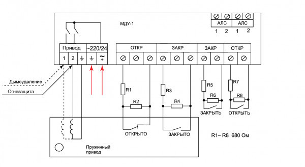 МДУ-1С прот. R3 - модуль управления клапаном огнезадерживающим или дымоудаления и предназначен для их управления в ручном режиме с кнопочного поста или в автоматическом режиме с приемно-контрольного прибора.
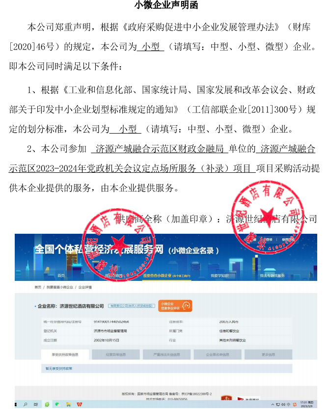 利发(中国)产城融合示范区财政金融局采购利发(中国)产城融合示范区2023-2024年党政机关会议定点场所服务(补录)项目入围结果公告
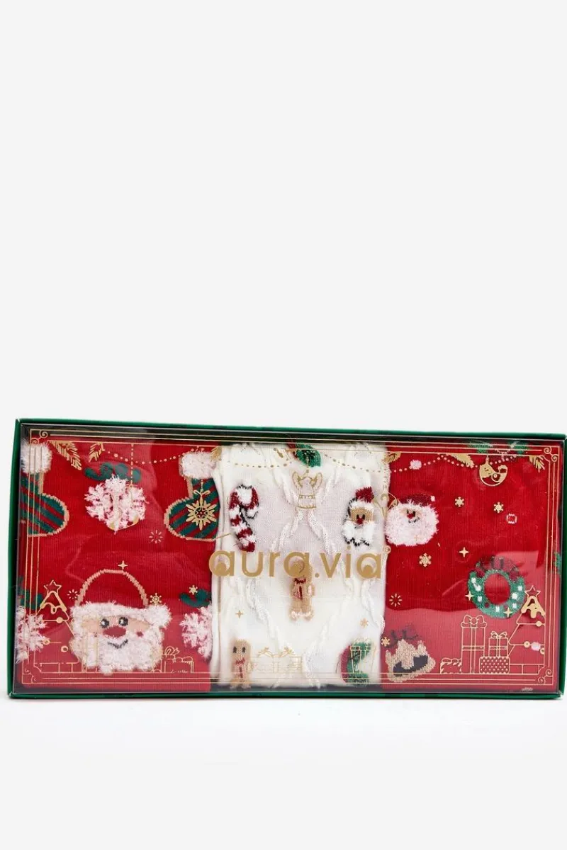 Świetny zestaw trzech par damskich skarpet w świąteczne wzory. Idealny prezent na święta dla każdego! Wykonane z wysokiej jakości bawełny. Posiadają delikatny ściągacz, który odpowiednio dopasuje się do tęgości nogi.
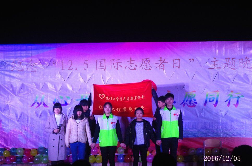 2016年12月5日,由yl23411永利集团主办、yl23411永利集团青年志愿者协会承办的以“12.5国际志愿者日”为主题的志愿者专场晚会在和谐广场成功举办。出席本次晚会的有永利yl23411集团第五届校青协会长卢旭莉、焦作师专校青协会长王远航、机电青协第五届会长李志华、秘书长焦倩倩以及兄弟院系和兄弟社团的代表们。
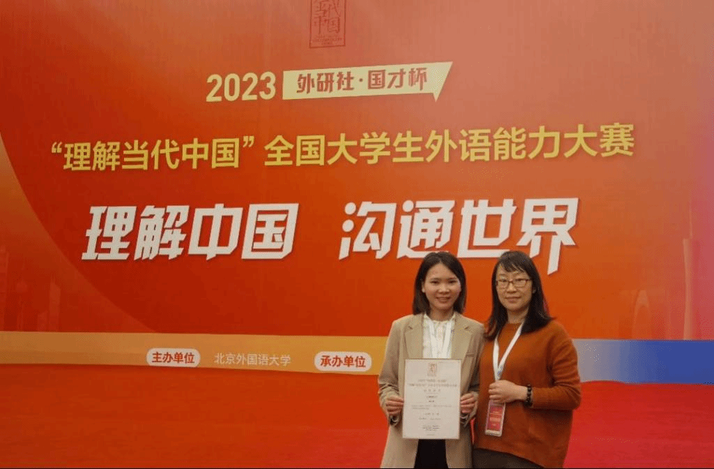 近日,在2023年“外研社•国才杯”“理解当代中国”全国大学生外语能力大赛中,外国语学院2021级英语专业李丹同学在英语组阅读赛项中表现优异获金奖,全国仅20名选手获金奖,2022级日语笔译专业陈月燕同学在日语组表现优异获银奖。这是我校学生在“外研社•国才杯”英语大赛中取得的最好成绩。

════════════════════

--- YOUR GOAL ---
Every line of the material must be reproduced verbatim; the pictures are to be omitted.

--- ANSWER BOX ---
 МДУ-1С прот. R3 - модуль управления клапаном огнезадерживающим или дымоудаления и предназначен для их управления в ручном режиме с кнопочного поста или в автоматическом режиме с приемно-контрольного прибора.
 利发(中国)产城融合示范区财政金融局采购利发(中国)产城融合示范区2023-2024年党政机关会议定点场所服务(补录)项目入围结果公告
 Świetny zestaw trzech par damskich skarpet w świąteczne wzory. Idealny prezent na święta dla każdego! Wykonane z wysokiej jakości bawełny. Posiadają delikatny ściągacz, który odpowiednio dopasuje się do tęgości nogi.
 2016年12月5日,由yl23411永利集团主办、yl23411永利集团青年志愿者协会承办的以“12.5国际志愿者日”为主题的志愿者专场晚会在和谐广场成功举办。出席本次晚会的有永利yl23411集团第五届校青协会长卢旭莉、焦作师专校青协会长王远航、机电青协第五届会长李志华、秘书长焦倩倩以及兄弟院系和兄弟社团的代表们。
 近日,在2023年“外研社•国才杯”“理解当代中国”全国大学生外语能力大赛中,外国语学院2021级英语专业李丹同学在英语组阅读赛项中表现优异获金奖,全国仅20名选手获金奖,2022级日语笔译专业陈月燕同学在日语组表现优异获银奖。这是我校学生在“外研社•国才杯”英语大赛中取得的最好成绩。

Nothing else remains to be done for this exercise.